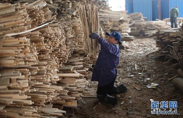 1月25日,胡凤莲把木材捆好后堆放在一起。新华社发(刘教清 摄)
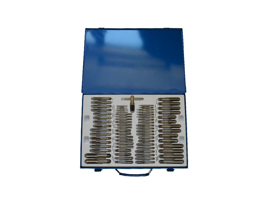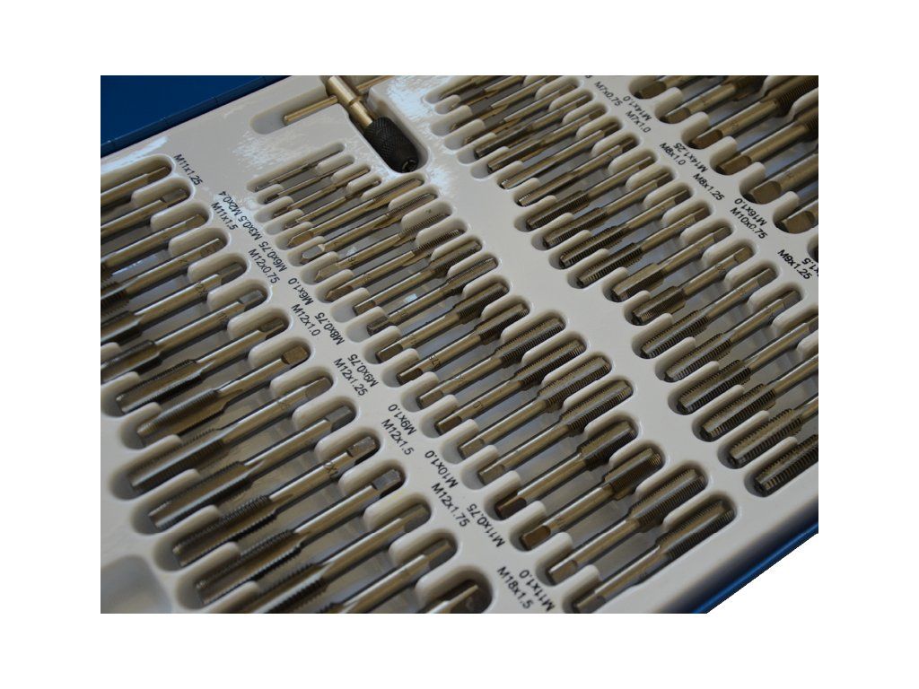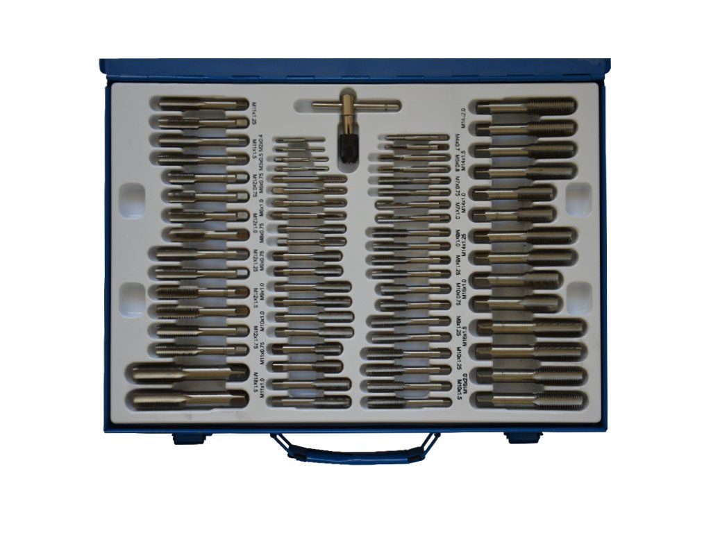 110-dílná sada metrických závitníků a závitových oček ze standardní nástrojové oceli pro ruční závitování pomocí vratidla.Specifikace
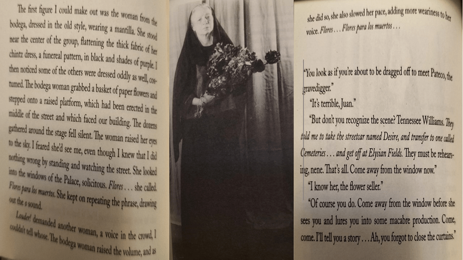 I think we need to look at this more closely to understand the skill it shows unearthing queer networks from history, that may not appear to be queer history. First, the text refers to the only line of the Mexican Woman (from Scene IX of the play: Flora para los Muertos, flores – flores …(Flowers for the Dead)’.[6] But after we see the picture of Edna in the book and it is clear in the text that Nene does not recognise the quotation, Juan identifies it for him with another precisely cited excerpt from Scene I of the play where Blanche gets off the streetcar outside the Cemetery: telling the story of how in her journey she transferred from streetcars respectively named ‘Desire’ and ‘Cemeteries’.[7]  It should seem a strangely functional part of the play for Juan to remember but it tells nearly all of the hidden story of the play’s themes relating to hidden desire to death and madness, effectively the queer content of that play. When the Mexican woman sings her vendor’s lyric song, her one line, Blanche is remembering living in a house where ‘dying old women remembered their dead’ saying “Death … We didn’t dare even admit we had ever heard of it’. After the line Blanche says: ‘The opposite is desire’ and forthwith tells the story of how, to the horror of her Southern American neighbours, she serviced the ‘trained young soldiers’ who ‘had gone to town to get drunk’.

__Exercise__. The material above must be reproduced line for line, with the images omitted.

__Exercise response__.
 1月25日,胡凤莲把木材捆好后堆放在一起。新华社发(刘教清 摄)
 110-dílná sada metrických závitníků a závitových oček ze standardní nástrojové oceli pro ruční závitování pomocí vratidla.Specifikace
 I think we need to look at this more closely to understand the skill it shows unearthing queer networks from history, that may not appear to be queer history. First, the text refers to the only line of the Mexican Woman (from Scene IX of the play: Flora para los Muertos, flores – flores …(Flowers for the Dead)’.[6] But after we see the picture of Edna in the book and it is clear in the text that Nene does not recognise the quotation, Juan identifies it for him with another precisely cited excerpt from Scene I of the play where Blanche gets off the streetcar outside the Cemetery: telling the story of how in her journey she transferred from streetcars respectively named ‘Desire’ and ‘Cemeteries’.[7]  It should seem a strangely functional part of the play for Juan to remember but it tells nearly all of the hidden story of the play’s themes relating to hidden desire to death and madness, effectively the queer content of that play. When the Mexican woman sings her vendor’s lyric song, her one line, Blanche is remembering living in a house where ‘dying old women remembered their dead’ saying “Death … We didn’t dare even admit we had ever heard of it’. After the line Blanche says: ‘The opposite is desire’ and forthwith tells the story of how, to the horror of her Southern American neighbours, she serviced the ‘trained young soldiers’ who ‘had gone to town to get drunk’.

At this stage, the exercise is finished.